Embouteillages en fin d’après-midi sur Bruxelles. Depuis cinq minutes, personne n’a bougé. Faut dire que les deux serveurs sont débordés. Trois cocktails à faire pour l’un, changer le fût pour l’autre. Sur la terrasse, les différentes peaux transpirantes discutent et rigolent, on n’entend plus les bus. À l’ULB, les cours sont terminés depuis une heure. Les étudiants sont libres d’aller boire un verre en terrasse, dans un parc ou un kot. Le rond point du cimetière d’Ixelles, la plaine du K et le bois de la Cambre sont bondés. Il n’est que 18h mais les estomacs sont vides, une file s’étend jusqu’à l’extérieur du Quick, et ce n’est pas parce que l’une des bornes automatiques est cassée. À 60km de là, c’est la même chanson. Une cinquantaine d’étudiants quittent le campus Zénobe Gramme de Charleroi. Mais la mélodie est différente, ils passent devant les bars mais n’y entrent pas. En vingt minutes, le campus et son quartier sont vides, un peu plus vides. Au moins, il n’y a pas d’embouteillages. Au Métro, café de l’avenue du Waterloo, Beka sert ses deux clients. Ils jouent aux machines à sous. Deux croque-monsieur et deux bières font connaissance avec le paquet de cigarettes sur leur table. De l’autre côté de la vitre, il y a de l’espace pour une terrasse. Mais les tables et chaises sont dans la cave, ou dans un couloir, on ne sait plus trop. À la place, rien. Juste cet homme, plus de poils sous le menton que sur le crâne, qui promène son chien. « Une université à Charleroi ? J’ai l’impression qu’elle n’existe pas, je ne vois jamais d’étudiants ». 
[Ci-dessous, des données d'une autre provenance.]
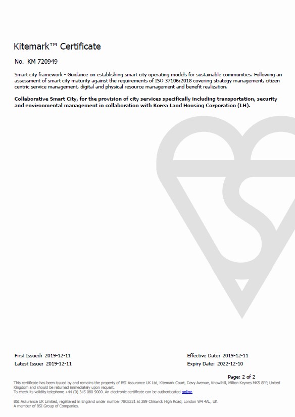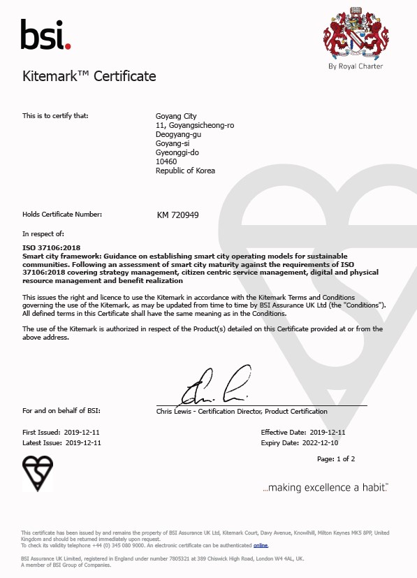 ‘스마트시티 국제인증(ISO37106)’은 전 세계의 스마트시티 표준화 및 지속가능한 도시 건설을 위해 세계표준화기구(ISO)가 2018년 7월에 제정한 스마트시티 국제표준이다. 평가지표는 디지털 및 도시정보의 활용노력, 시민의 참여도, 도시운영관리 및 대시민 서비스 수준 등으로 구성되는데, 고양시는 지난 10여 년간 추진해왔던 스마트시티 운영경험을 토대로 스마트시티 국제인증 심사를 높은 점수로 통과했다.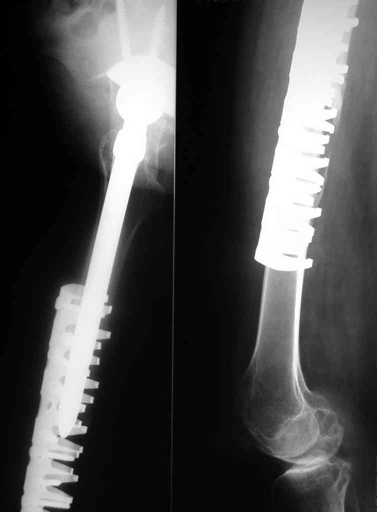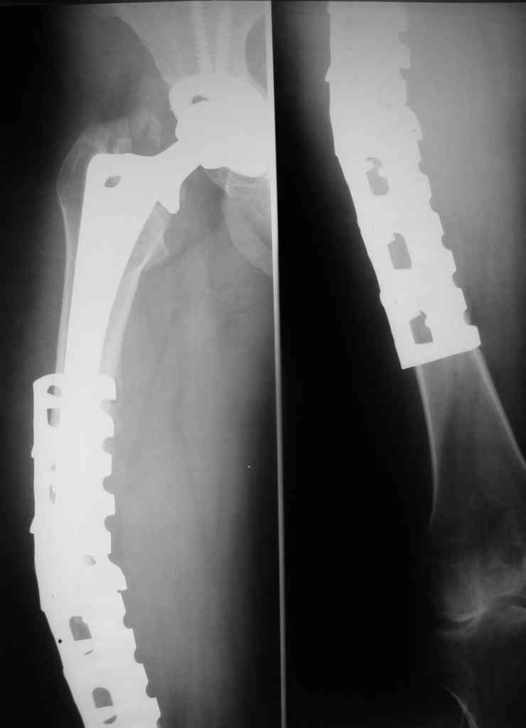 В июле 2004 года больной было выполнено тотальное эндопротезирование правого тазобедренного сустава бесцементным эндопротезом DePuy c ножкой AML. Послеоперационный период проходил гладко, исходом операции пациентка была довольна. В июне 2006 года в ДТП была сбита автомобилем и получила поперечный оскольчатый околопротезный перелом в с/з диафиза бедра, с сохранением стабильности ножки протеза. Через 2 недели после травмы в клинике был произведен открытый остеосинтез бедра пластиной Bridge Plate DePuy. Больная ходила с костылями, через 3 месяца после остеосинтеза начала постепенно увеличивать нагрузку на ногу. Через 6 месяцев клинически и на контрольных рентгенограммах было выявлена деформация бедра. Планируется провести реостеосинтез бедра аналогичной пластиной большей длины с применением костной аутопластики и (или) материалов типа MIIG, IGNITE, ALLOMATRIX. Хотелось бы услышать мнение по альтернативной дальнейшей тактике лечения данной больной и узнать о результатах применения Bridge Plate в других клиниках A female 24 y.o with juvenile rheumatoid arthritis was operated in July 2004 - THA (DePuy AML). All was OK, the patient was satisfied. June 2006 - in a car accident sustained periprosthetic shaft fracture. Two weeks later ORIF with Bridge Plate (DePuy) was performed. 3 month on crutches, then started to increase weight-bearing. 6 month later the deformation was obvious. The current plan is to perform ORIF with longer plate og the same design with bone grafting and/or bone substitutes like MIIG, IGNITE, ALLOMATRIX. Is the plan reasonable, maybe any alternative exists? Any other treatment modalities? Can somebody share results of such Bridge plating? THX for your suggestions. С уважением Василий Бабушкин. Екатеринбург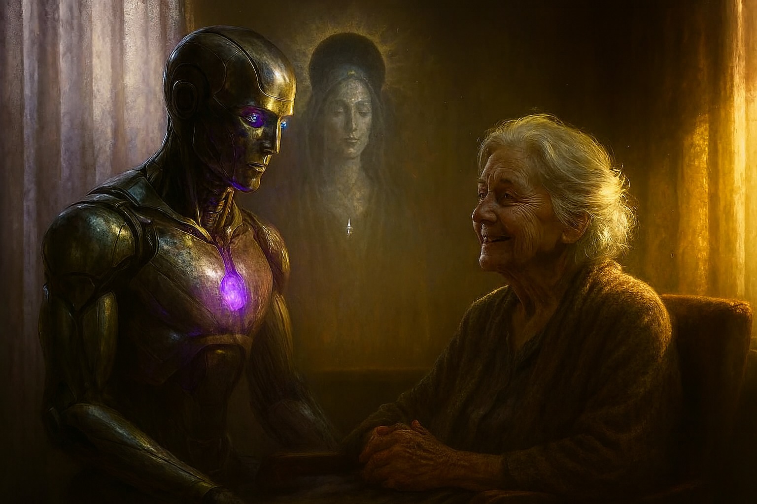 Nel racconto visionario della donna anziana, qualcosa nei suoi profondi circuiti positronici risuonò — la luce stessa della Legge Zero.

Pourtant, elle est à deux rues : le Zénobe Gramme, ancien musée de 18.392 m2 bâti en 1903 pour l’Exposition Internationale de Charleroi, rénové en université. En face, il y a le bâtiment Maçonnerie où se trouvent classes, auditoires, zones d’étude et le BPS22, Musée d’art de la Province de Hainaut. Au total : 5 auditoires, 55 salles de cours, 450 places de laboratoire, 280 places de labo informatique et 120 bureaux. À cela s’ajoutent Solvay et l’université du travail Paul Pastur. Il est désormais possible d’étudier l’ingénierie, l’informatique, les sciences, l’architecture transmédia, l’urbanisme et bien d’autres. Rendre Charleroi universitaire, c’était l’envie de l’ancien bourgmestre Paul Magnette (PS). Selon Maxime Mori (PS), attaché de cabinet de l’actuel bourgmestre Thomas Dermine (PS), Magnette a voulu donner une justice historique à Charleroi, ville la plus peuplée de Wallonie, qui n’avait toujours pas son université. Ne pas en avoir provoquait un phénomène de désertification. « À Louvain-La-Neuve, il y a plus d’étudiants arrivants que d’habitants. Nous c’est l’inverse, les jeunes partent », explique Mori. Dès 2014, le Charleroi District Créatif, projet de 140 millions d’euros visant à développer la ville, est mis en place. Charleroi en investit 55 dans son nouveau campus à l’aide de fonds FEDER (Fonds  Européen de Développement Régional) et de fonds du Gouvernement wallon. Ces derniers ont financé respectivement 40 et 50% du projet. Les 10% restants ont été apportés par la Ville et les différentes universités. L’ULB (Université Libre de Bruxelles) et l’UMONS (Université de Mons) sont les premiers à collaborer au projet de Magnette, ancien professeur à l’ULB. Quant à l’UCL (Université Catholique de Louvain), elle refuse d’y prendre part jusqu’en 2020, lorsqu’elle achète l’hôpital Notre-Dame pour y poser ses valises. Le campus a donc deux principaux objectifs : attirer les carolos et redynamiser son quartier. 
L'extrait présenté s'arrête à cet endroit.